Now, implement a master function to build a naive Bayes classifier. Be sure to use the logarithmic probabilities to avoid underflow.

In [26]:
import math

In [27]:
# Your code here
def classify_doc(doc, class_word_freq, p_classes, V, return_posteriors=False):
    words = doc.split()
    
    # create dictionary to store class probabilities
    class_probs = {}
    
    #calculate class probabilities using Naive Bayes formula
    for label, word_freq in class_word_freq.items():
        class_probs[label] = math.log(p_classes[label])  #initialize with prior probability
        
        for word in words:
            #add Laplace smoothing for words not in the class's word frequency dictionary
            word_freq_with_smoothing = word_freq.get(word, 0) + 1
            #calculate the probability of the word given the class
            word_prob = math.log(word_freq_with_smoothing / (sum(word_freq.values()) + V))
            class_probs[label] += word_prob
    
    #return the class with the highest probability
    predicted_class = max(class_probs, key=class_probs.get)
    
    if return_posteriors:
        #normalize class probabilities to obtain posteriors
        class_posteriors = {label: math.exp(prob - class_probs[predicted_class]) for label, prob in class_probs.items()}
        return predicted_class, class_posteriors
    else:
        return predicted_class

## Test your classifier

Finally, test your classifier and measure its accuracy.

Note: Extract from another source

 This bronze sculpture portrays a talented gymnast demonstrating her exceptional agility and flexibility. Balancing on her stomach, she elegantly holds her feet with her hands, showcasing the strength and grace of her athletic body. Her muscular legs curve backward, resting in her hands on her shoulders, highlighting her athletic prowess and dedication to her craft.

Don't be perturbed if your results are sub-par; industry use cases would require substantial additional preprocessing before implementing the algorithm in practice.

In [28]:
# Your code here
class_word_freq = {label: dict(bag_it(' '.join(train_df[train_df['class'] == label]['text']))) for label in train_df['class'].unique()}

#create prior probabilities dictionary
total_documents = len(train_df)
p_classes = {label: count / total_documents for label, count in train_df['class'].value_counts().items()}

#test the classifier on the test set
correct_predictions = 0
total_predictions = len(test_df)

for index, row in test_df.iterrows():
    doc = row['text']
    true_label = row['class']
    
    predicted_label = classify_doc(doc, class_word_freq, p_classes, V)
    
    if predicted_label == true_label:
        correct_predictions += 1

accuracy = correct_predictions / total_predictions
print("Accuracy:", accuracy)

Accuracy: 0.9345291479820628


## Level up (Optional)

Rework your code into an appropriate class structure so that you could easily implement the algorithm on any given dataset.

## Summary

Well done! In this lab, you practiced implementing Naive Bayes for document classification!